Evaluation of panels of antigens for serodiagnosis of tuberculosis.

机构信息

Department of Central Laboratory.

Department of Beijing Key Laboratory for Drug Resistance Tuberculosis Research, Beijing Chest Hospital, Capital Medical University, Beijing Tuberculosis and Thoracic Tumour Research Institute, Beijing.

出版信息

Int J Tuberc Lung Dis. 2018 Aug 1;22(8):959-965. doi: 10.5588/ijtld.18.0060.

DOI:10.5588/ijtld.18.0060
PMID:29991408
Abstract

OBJECTIVE

To evaluate antibody responses to panels of Mycobacterium tuberculosis antigens for serological diagnosis of active tuberculosis (TB).

DESIGN

We cloned, expressed and purified 10 M. tuberculosis recombinant proteins 38KD, MPT32 (M. tuberculosis protein 32), MPT64, EspC (ESX-1 secretion-associated protein), Mtb81, Rv3881, Rv3425, Rv0222, Rv3872 and CFP21 (culture filtrate protein 21), and obtained lipoarabinomannan (LAM) polysaccharide antigen from BEI Resources. The plasma immunoglobulin (Ig)G titre responses to the 11 antigens based on 45 patients with pulmonary TB (PTB) and 30 healthy controls (HCs) were first evaluated using enzyme-linked immunosorbent assays. Antigens with high sensitivities were then selected for further investigation in 200 PTB patients (121 smear- or culture-positive patients, 79 smear- or culture-negative patients) and 152 HCs.

RESULTS

LAM, 38KD, MPT32, MPT64, EspC and Mtb81 were chosen. The LAM, 38KD, MPT32 and EspC IgG titres were significantly higher in Bacterium-negative TB patients than in HCs, except for MPT64 and Mtb81. The sensitivity of the individual antigens for detecting antibodies ranged from 21.5% to 67.0%, with 74.3-98.0% specificity. The sensitivity of MPT32 was higher than that of 38KD at a high level of specificity.
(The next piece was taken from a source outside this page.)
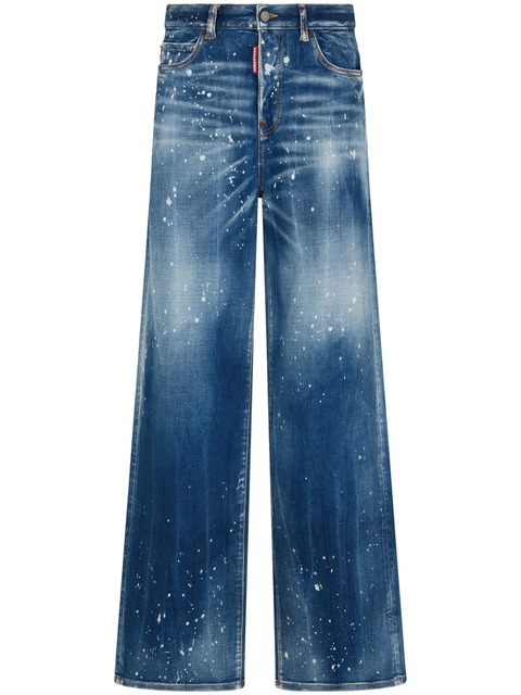 indigo blue stretch-cotton denim stonewashed whiskering effect logo tag embroidered logo to the rear paint splatter detail wide leg mid-rise belt loops front button and zip fastening classic five pockets

The six-antigen combination reached a sensitivity of 69.6% in bacterium-negative TB patients, with 77.0% specificity.

CONCLUSION

The combination panel had markedly improved sensitivity, but specificity requires further enhancement.

摘要

目的

评估针对结核分枝杆菌抗原的抗体反应,以用于活动性肺结核(TB)的血清学诊断。

设计

我们克隆、表达和纯化了 10 种结核分枝杆菌重组蛋白 38KD、MPT32(结核分枝杆菌蛋白 32)、MPT64、EspC(ESX-1 分泌相关蛋白)、Mtb81、Rv3881、Rv3425、Rv0222、Rv3872 和 CFP21(培养滤液蛋白 21),并从 BEI 资源中获得了脂阿拉伯甘露聚糖(LAM)多糖抗原。首先使用酶联免疫吸附试验评估了 45 例肺结核(PTB)患者和 30 例健康对照(HC)患者对基于 11 种抗原的血浆免疫球蛋白(IgG)滴度反应。然后选择高灵敏度的抗原,在 200 例 PTB 患者(121 例涂片或培养阳性患者,79 例涂片或培养阴性患者)和 152 例 HC 中进行进一步研究。

结果

选择了 LAM、38KD、MPT32、MPT64、EspC 和 Mtb81。LAM、38KD、MPT32 和 EspC 的 IgG 滴度在细菌阴性的 TB 患者中明显高于 HC,除了 MPT64 和 Mtb81。各抗原检测抗体的灵敏度范围为 21.5%至 67.0%,特异性为 74.3-98.0%。MPT32 的灵敏度高于 38KD,特异性较高。在细菌阴性的 TB 患者中,六抗原组合的灵敏度达到 69.6%,特异性为 77.0%。

结论

组合面板的敏感性有了明显提高,但特异性需要进一步提高。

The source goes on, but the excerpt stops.